From 8ddd5bb385f5b270aeeaf70312dd6b810ad012c5 Mon Sep 17 00:00:00 2001
From: Gregor Sturm <gregor.sturm@boehringer-ingelheim.com>
Date: Tue, 2 Apr 2024 14:59:39 +0200
Subject: [PATCH 07/36] Cleanup after merge

---
 .../_util/__init__.py                         |  3 ++
 .../{_util.py => _util/checks.py}             |  0
 .../methods/_statsmodels.py                   |  2 +-
 tests/conftest.py                             | 30 -------------------
 tests/test_formulaic.py                       |  8 +++++
 tests/test_statsmodels.py                     |  5 ----
 6 files changed, 12 insertions(+), 36 deletions(-)
 rename src/multi_condition_comparisions/{_util.py => _util/checks.py} (100%)
 create mode 100644 tests/test_formulaic.py

diff --git a/src/multi_condition_comparisions/_util/__init__.py b/src/multi_condition_comparisions/_util/__init__.py
index e69de29..a98b31a 100644
--- a/src/multi_condition_comparisions/_util/__init__.py
+++ b/src/multi_condition_comparisions/_util/__init__.py
@@ -0,0 +1,3 @@
+from .checks import check_is_integer_matrix, check_is_numeric_matrix
+
+__all__ = ["check_is_integer_matrix", "check_is_numeric_matrix"]
diff --git a/src/multi_condition_comparisions/_util.py b/src/multi_condition_comparisions/_util/checks.py
similarity index 100%
rename from src/multi_condition_comparisions/_util.py
rename to src/multi_condition_comparisions/_util/checks.py
diff --git a/src/multi_condition_comparisions/methods/_statsmodels.py b/src/multi_condition_comparisions/methods/_statsmodels.py
index 1bc4ef5..1fda634 100644
--- a/src/multi_condition_comparisions/methods/_statsmodels.py
+++ b/src/multi_condition_comparisions/methods/_statsmodels.py
@@ -18,7 +18,7 @@ def _check_counts(self):
 
     def fit(
         self,
-        regression_model: sm.OLS | sm.GLM = sm.OLS,
+        regression_model: type[sm.OLS] | type[sm.GLM] = sm.OLS,
         **kwargs,
     ) -> None:
         """
diff --git a/tests/conftest.py b/tests/conftest.py
index 904e618..936ccf3 100644
--- a/tests/conftest.py
+++ b/tests/conftest.py
@@ -24,36 +24,6 @@ def test_metadata():
     )
 
 
-# @pytest.fixture
-# def test_adata_minimal():
-#     obs = pd.DataFrame(
-#         [
-#             ["A", "D1", "X", 0.2],
-#             ["B", "D1", "X", 0.7],
-#             ["A", "D2", "Y", 1.6],
-#             ["B", "D2", "Y", 42],
-#             ["A", "D3", "Y", 212],
-#             ["B", "D3", "Y", 6023],
-#         ],
-#         columns=["condition", "donor", "other", "cont"],
-#     )
-#     var = pd.DataFrame(index=["gene1", "gene2"])
-#     X = np.array(
-#         [
-#             # gene1 differs between condition A/B by approx.
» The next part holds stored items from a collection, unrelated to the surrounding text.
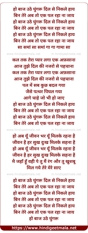 Lyrics of Baaj Uthe Ghungru, Dil Se Nikle Haye - बाज उठे घुंगरू, दिल से निकले हाय
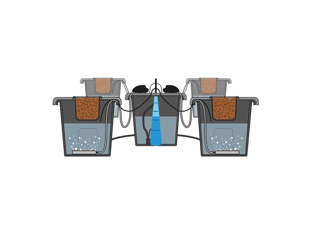 - Živný roztok je distribuován z hlavní nádrže s pomocí 2 vzduchových čerpadel
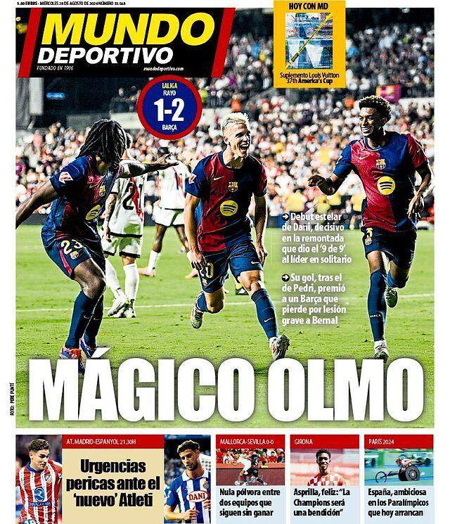 除了这两记集锦中的镜头,更重要的是他给全队带来了不少细节上的提升。《每日体育》评价奥尔莫的精彩首秀:“为球队带来了革命性的变化”;《世界体育》言简意赅:“神奇·奥尔莫”;《马卡》的标题则是:“亲吻圣人”,把奥尔莫捧为圣人;只有《阿斯》在头版角落淡淡写道:“奥尔莫回归”。
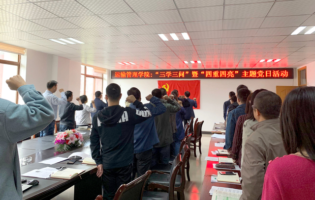 10月16日下午,运输管理学院党总支举行了“三学三问”暨“四重四亮”专题党日活动,学校联系院领导、纪委书记崔建宁,二级学院全体班子成员及全体党员参加。
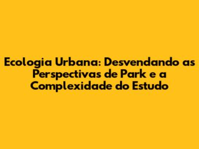 Ecologia Urbana: Perspectivas De Park E A Complexidade Do Estudo
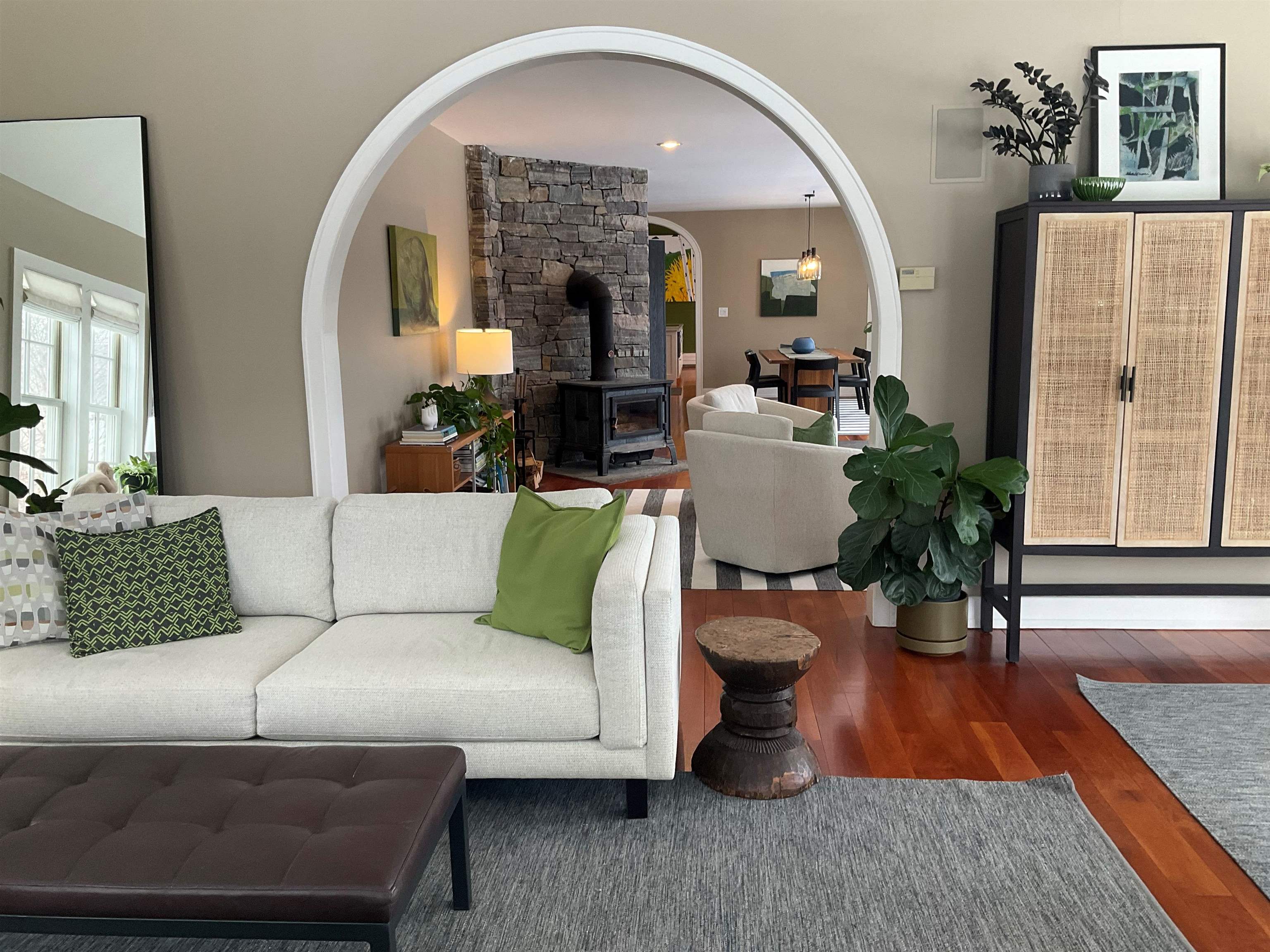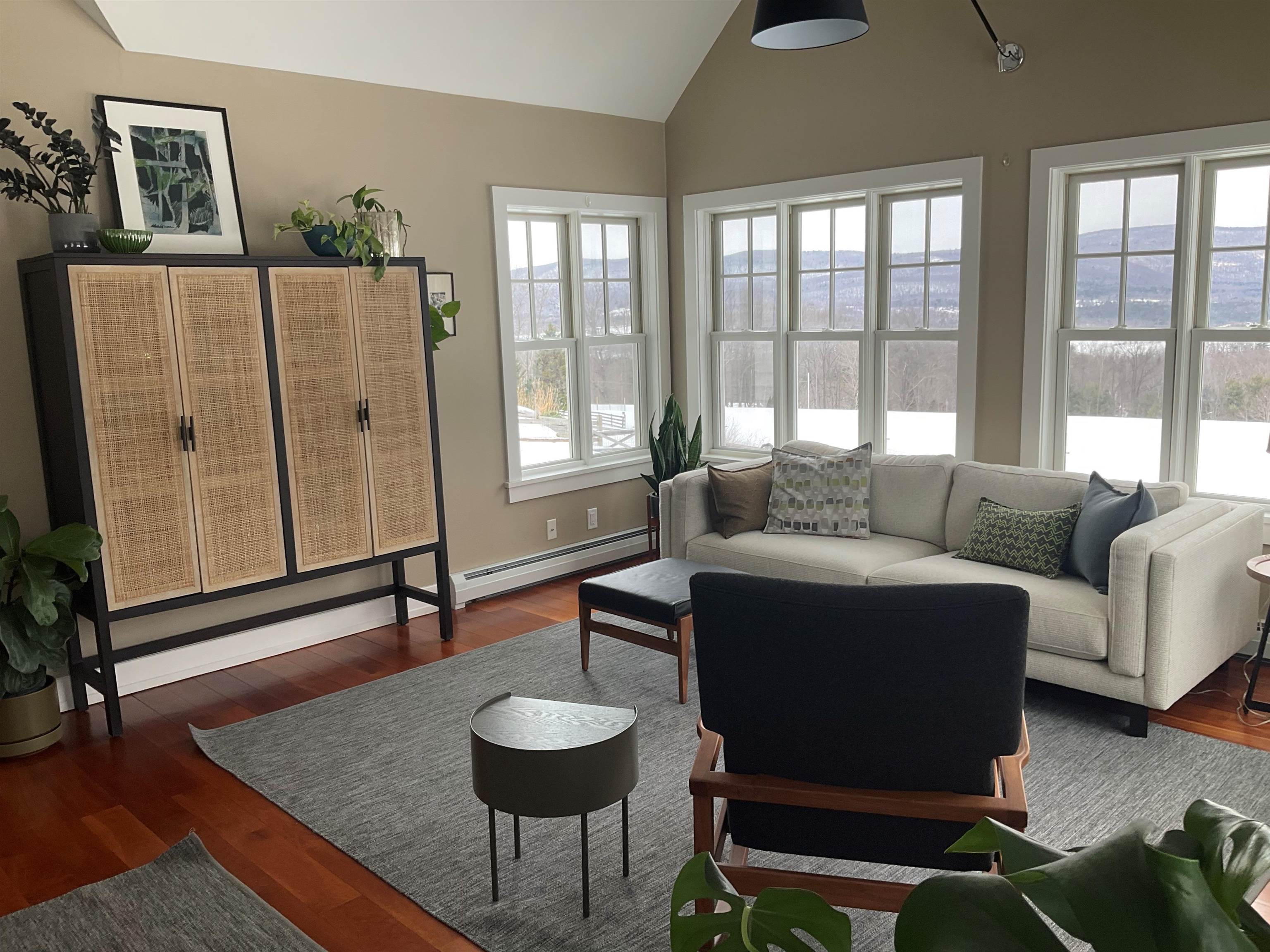Experience the quintessential Vermont lifestyle in this masterfully renovated (2021) contemporary farmhouse, offering 6, 100 sq. ft. of finished living space. Tucked at the end of a breathtaking maple-lined driveway, this 17± acre property offers panoramic mountain views and a private sanctuary for hiking, cross-country skiing, snowshoeing, and snowmobiling right from your door. The heart of the home features beautiful cherry flooring and a chef’s kitchen with premium appliances and quartz countertops, flowing seamlessly into a spacious dining area with an intimate sitting room anchored by a soapstone stove. Beyond, a window-lined living room with vaulted wood-beamed ceilings and custom built-ins serves as a perfect hub for media, games, or relaxation. The top floor is designed for both luxury and versatility, featuring a primary suite retreat with a private fireplace and a modern en suite bath showcasing those incredible mountain views. A window-lined hallway with recessed laundry leads to a flexible secondary living wing with two additional vaulted ceiling bedrooms and two full bathrooms—perfectly suited for guests or an au pair suite with its own separate entries. The expansive lower level is built for indoor-outdoor living, featuring a massive stone fireplace, family room, exercise area, game room, and two private bedrooms. Large glass doors provide a seamless walk-out to the patio, where you’ll find a heated inground swimming pool and a custom fire pit. Automotive and outdoor enthusiasts will appreciate the three separate garages accommodating several cars plus a spacious workshop, including one bay designed specifically for a boat or oversized vehicle. A solar array on the garage roof works with backup batteries to keep electric costs below $400 annually. Located with easy access to Stratton and Mount Snow, and a straightforward drive from New York or Boston, this estate is the ultimate four-season destination.
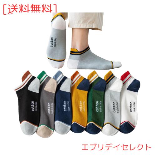 [Tersila] 靴下 メンズ 春夏 くるぶしソックス スポーツソックス カラフルソックス 室内 7足セット抗菌 中厚手 畳24-28cm
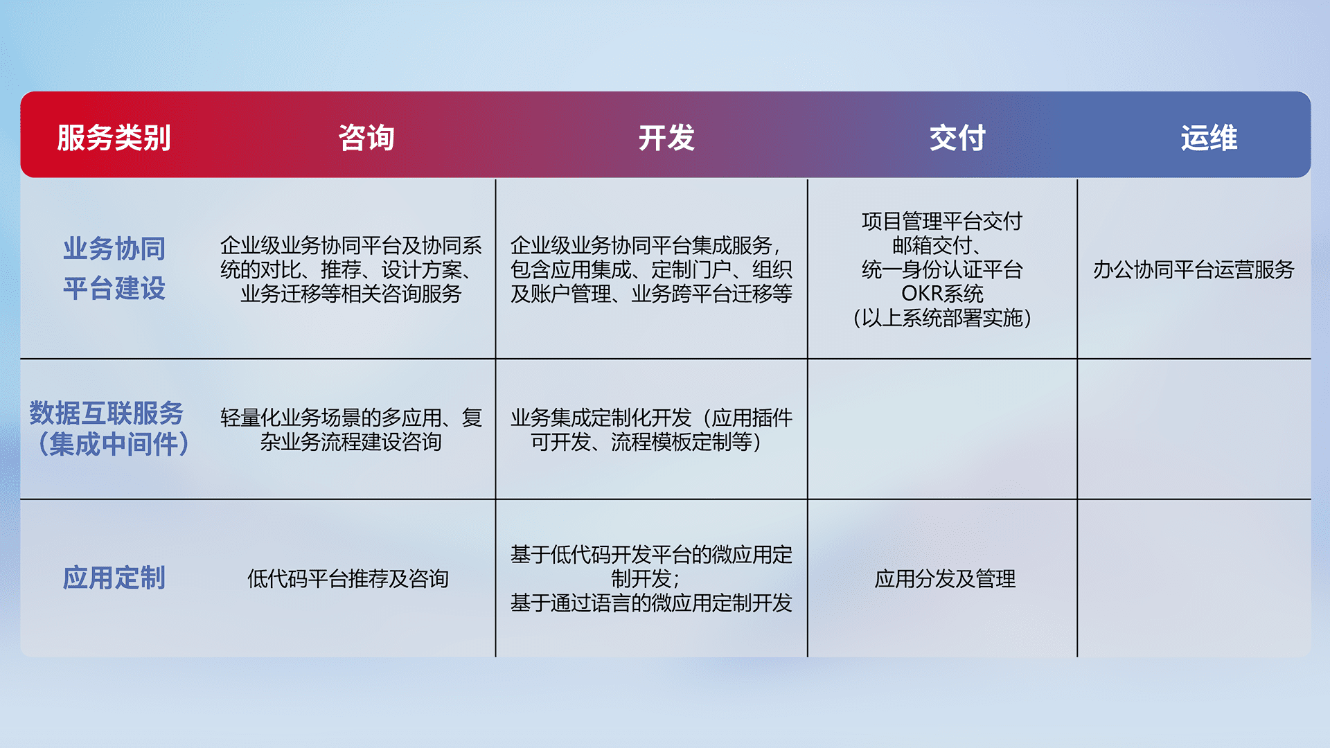 针对钉钉、、、企微、、、、IDaas等平台级产品提供产品的规划、、、、方案、、交付、、、定制化开发等服务,,,,实现如统一协同办公、、智能客户服务、、、混合会议管理、、、、智能数据查询、、、、等业务场景,,实现数字化转型。。
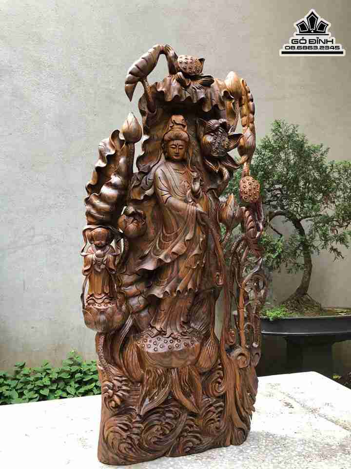 Tượng Phật Bà Quan Âm Gỗ Bách Xanh Cao 90 Ngang 45 Sâu 20 (cm)
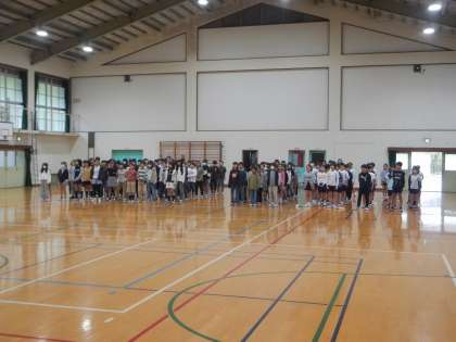今年度の全校合唱曲を高学年全員で集まって練習しました。
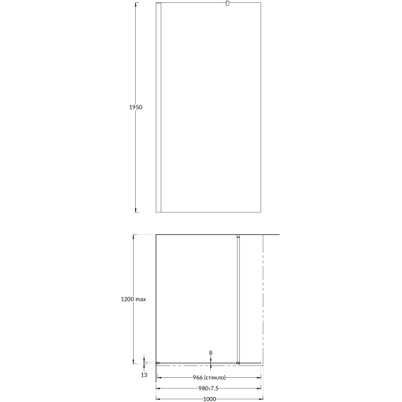 Неподвижная перегородка 100 см Kerama Marazzi Vetro VE.100.WI.BLK.M прозрачное
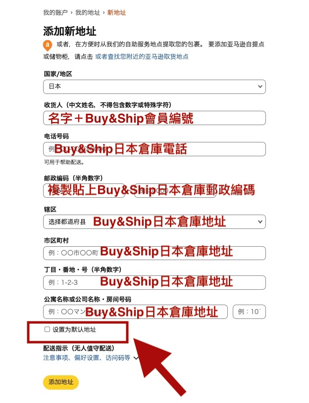 按圖中指示,將 Buy&Ship日本倉庫資料複製貼上至日本 Amazon 的地址簿。為方便日後購物,可點選設置為默認地址。
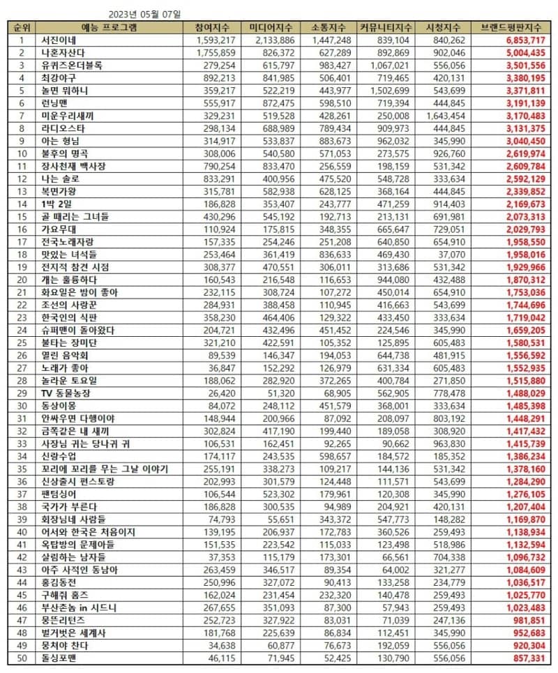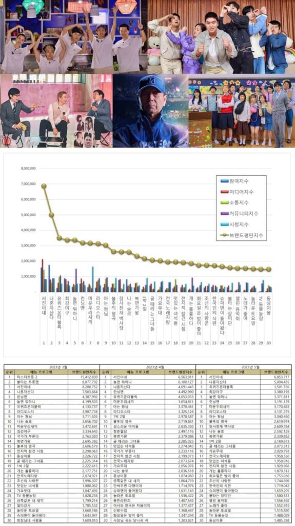 For May’s top list, the Korean Business Research Institute has analyzed 98,086,200 brand big data of Korean entertainment programs from April 6 to May 6, 2023. However, compared to 98,578,984 brand big data of Korean entertainment programs in April, it decreased by 0.50 percent.
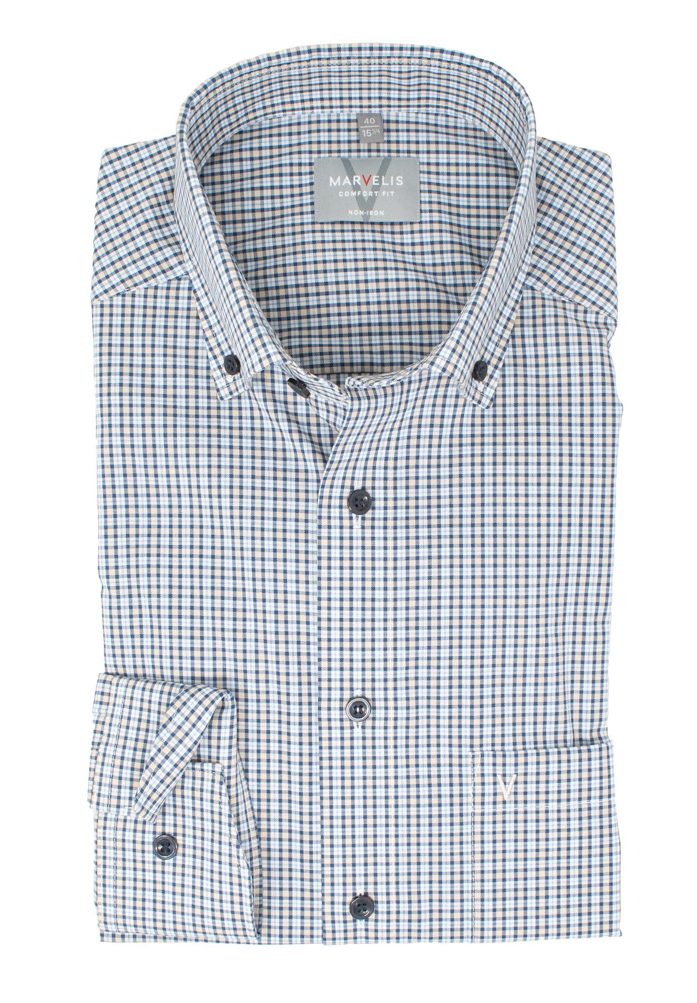 MARVELIS Langarm-Hemd in beige. Das bügelfreie Hemd ist hervorragend verarbeitet und bietet optimale Trageeigenschaften. Mit geradem Schnitt hat es eine bequeme Passform.
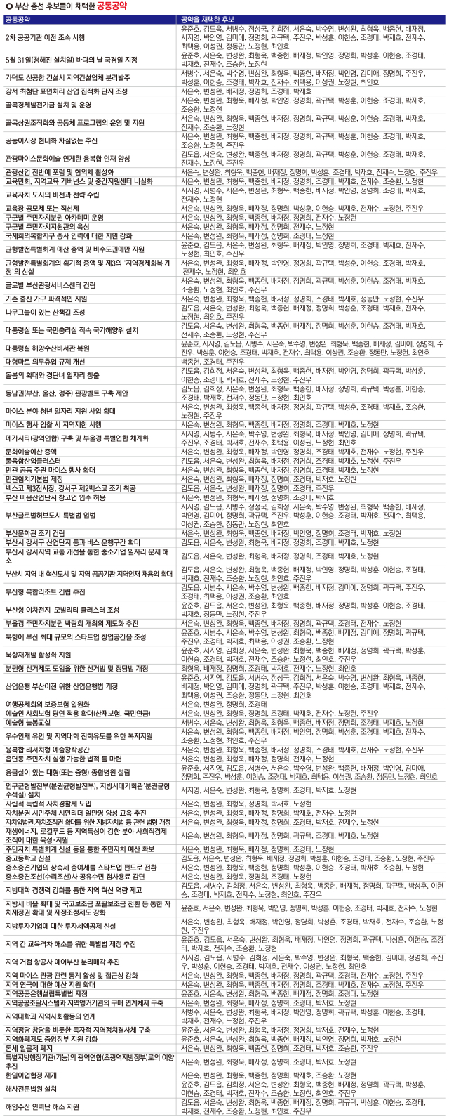 부산 후보 28명이 공약 채택 1위
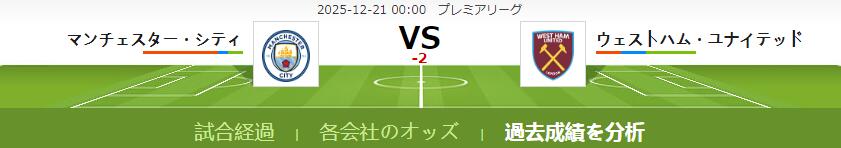 マンチェスター・シティ VS ウェストハム・ユナイテッド 試合予想
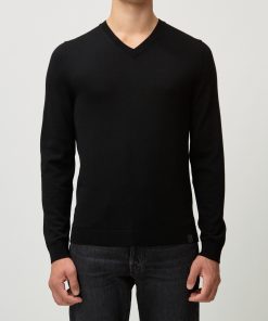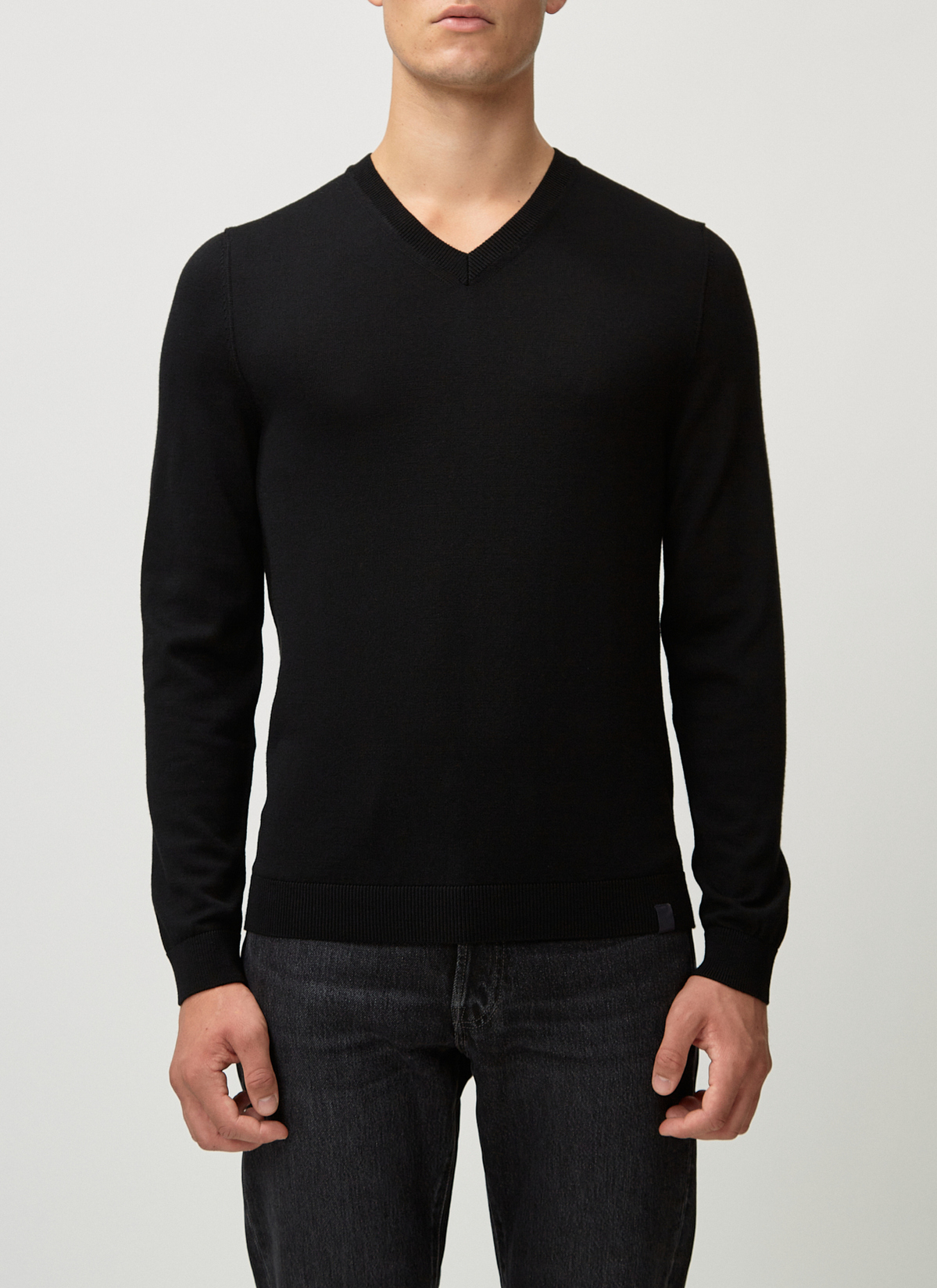 Sportiv und vielseitig: moderner Pullover mit V-Ausschnitt im Modern Fit. Besonders: die nachaußengedrehte Naht und die aufwendigen Strickdetails an Schulter und Kragen. Material: fein und weich, aber enorm strapazierfähig, mit einem festen und gleichzeitig elastischen Griff.Haptik: cleanes klassisches Maschenbild mit weichem Wollgriff. Hochwertige Verarbeitung mit handgekettelten Nähten und elastischen Bündchen.
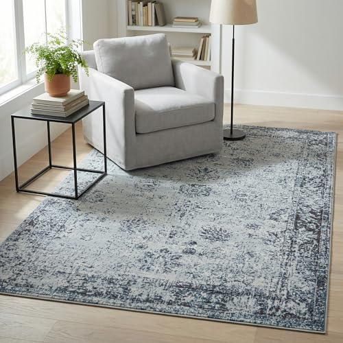 Safavieh Lucy Vintage inspirerad matta, vävd polyestermatta i grå/ljusblå, 90 x 150 cm

FC=2
-#             # gene2 differs between donor D1/D2 by approx FC=2
-#             # [gene1, gene2]
-#             [10, 200],
-#             [20, 220],
-#             [12, 400],
-#             [25, 420],
-#             [13, 600],
-#             [24, 620],
-#         ]
-#     )
-#     return ad.AnnData(X=X, obs=obs, var=var)
-
-
 @pytest.fixture
 def test_adata(test_counts, test_metadata):
     return ad.AnnData(X=test_counts, obs=test_metadata)
diff --git a/tests/test_formulaic.py b/tests/test_formulaic.py
new file mode 100644
index 0000000..cc62244
--- /dev/null
+++ b/tests/test_formulaic.py
@@ -0,0 +1,8 @@
+from multi_condition_comparisions._util.formulaic import get_factor_storage_and_materializer
+
+
+def test_custom_materializer(test_adata_minimal, formula):
+    """Test that the custom materializer correctly stores the baseline category."""
+    factor_storage, materializer = get_factor_storage_and_materializer()
+    materializer(test_adata_minimal.obs).get_model_matrix(formula)
+    raise AssertionError()
diff --git a/tests/test_statsmodels.py b/tests/test_statsmodels.py
index ffa195a..962e3a0 100644
--- a/tests/test_statsmodels.py
+++ b/tests/test_statsmodels.py
@@ -30,8 +30,3 @@ def test_statsmodels(test_adata, method_class, kwargs):
 
 # TODO: there should be a test checking if, for a concrete example, the output p-values and effect sizes are what
 # we expect (-> frozen snapshot, that way we also get a heads-up if something changes upstream)
-
-
-def test_foo(test_adata_minimal):
-    model = Statsmodels(test_adata_minimal, "~ condition * donor")
-    print(model)

From ee79d70ebd19ddd1fd1035f1b05a41486f4639b1 Mon Sep 17 00:00:00 2001
From: Gregor Sturm <gregor.sturm@boehringer-ingelheim.com>
Date: Tue, 2 Apr 2024 15:33:29 +0200
Subject: [PATCH 08/36] stub test cases

---
 .../_util/formulaic.py                        |  2 +-
 tests/test_formulaic.py                       | 23 ++++++++++++++++++-
 2 files changed, 23 insertions(+), 2 deletions(-)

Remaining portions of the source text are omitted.